Louis Lortie’s concert at Bourgie Hall on Wednesday, the fourth of his journey through the Sonatas by Beethoven, obviously culminated in the Sonata No. 29, “Hammerklavier”. But what about the other four on the program and what’s the point?
This is our first experience of a Beethoven marathon as such: a string of sonatas to complete a complete. And as much to say it frankly, we found it totally inane. In degree of interest it easily equaled seeing a ” nerd » align by heart the first 50 decimals of the number Pi.
What is the problem ? The impression of attending a sports evening (quite the opposite of art) in a discipline, “integrity”, born industrially in an artificial way in the 20th century and which has nothing to do with relevant lighting serving the works, the music and its understanding.
In the same mold
In this case, Louis Lortie unrolled a fairly standard soundtrack on Wednesday, willingly resonating in an athletic and tense speech with strong hard and tense. All this certainly led to the hammer keyboardbut to the detriment of Sonatas No. 24almost sloppy, and #25, better but too violent compared to his friendly casualness. The whole gait, devoid of grace, held a kind of minerality, as if everything had to anticipate theOpus 106.
But, and this is the ineptitude of the exercise, in 1809, at the time of the Sonatas Nos. 24 and 25we are very far from it: it is not the same Beethoven, it is not the same strong, it is not this tension and tension. Nor is it in the “feeling and expression” of the 27th Sonata. All these singularities are passed through the mill of the process, the sporting challenge and the lapidary impatience. The unfolded style is more suitable for the 28th Sonata, op. 101 that we count in the group of the “last”.
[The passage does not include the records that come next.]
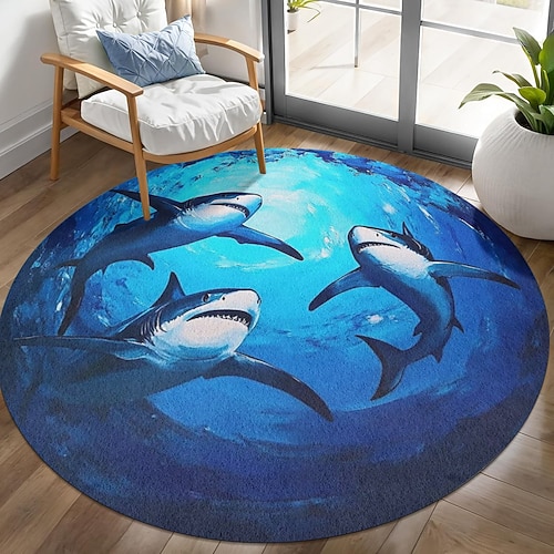 Tappeto con illusione ottica 3D, design di squalo sottomarino, stampa piatta 2D, morbido tappetino antiscivolo per soggiorno, camera da letto, tappeto decorativo marino unico per la casa
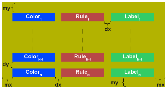 - dx,dy the spaces between elements and rows are set to the 15% of the requested width and height. Notice that dy is ignored for the colormaps of type ramp since they must create a continuous color strip.
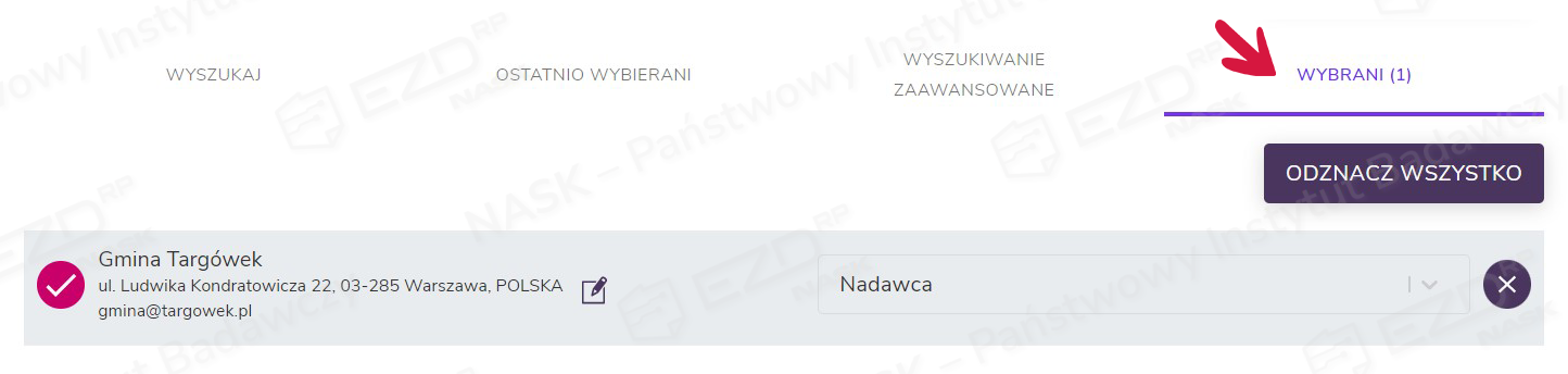 Wyszukanie nadawcy możliwe jest również w zakładce Ostatnio wybierani, w której odkładają się dane nadawców najczęściej wskazywanych, oraz w zakładce Wyszukiwanie zaawansowane. Ta ostatnia pozwala na wyszukiwanie kontaktów według precyzyjnie wskazanych atrybutów.

But here we begin to ask ourselves another question: why did you summon a Bösendorfer, a piano reputed to be rather “tender”, to violate him like this? A question to which the hammer keyboard will be far from answering…
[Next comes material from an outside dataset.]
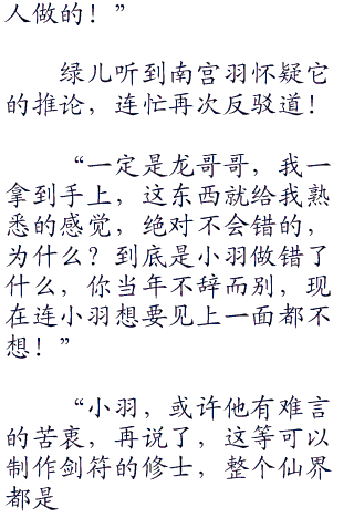 听到南宫羽的话,历千羽看着手上的东西,这一件剑符很是奇特,竟然给她一种特

Obviously Louis Lortie was waiting to show himself in his best light in “his” hammer keyboard. As much as the first part of the concert seemed strangely impatient, so was the 1st part of the sonata. With the slow movement it’s as if the serious things were beginning: millimetric dosage of the pedal, hierarchy of dynamics, luminous highs, admirable phrasing and then a final fugue (4th movement) intractable, implacable.
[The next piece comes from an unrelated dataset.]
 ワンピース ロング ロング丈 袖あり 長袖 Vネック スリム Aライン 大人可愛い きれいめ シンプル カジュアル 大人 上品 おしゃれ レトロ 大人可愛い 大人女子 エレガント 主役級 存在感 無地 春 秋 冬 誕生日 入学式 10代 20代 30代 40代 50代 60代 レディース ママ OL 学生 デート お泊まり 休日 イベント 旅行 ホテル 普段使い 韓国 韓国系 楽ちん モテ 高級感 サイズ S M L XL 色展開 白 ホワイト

It’s true that we came for that. But it is obvious that in absolute terms, a program with, for example, a Partita of Bach, the pause and the 29th Sonata would have had a much stronger impact allowing the pianist to manage his influx and his priorities, fully and artistically. As experienced yesterday, with uneven, undifferentiated, chained and smoothed music, the exercise is therefore indeed akin to the ineptitude of aligning the first 50 decimals of the number Pi by heart.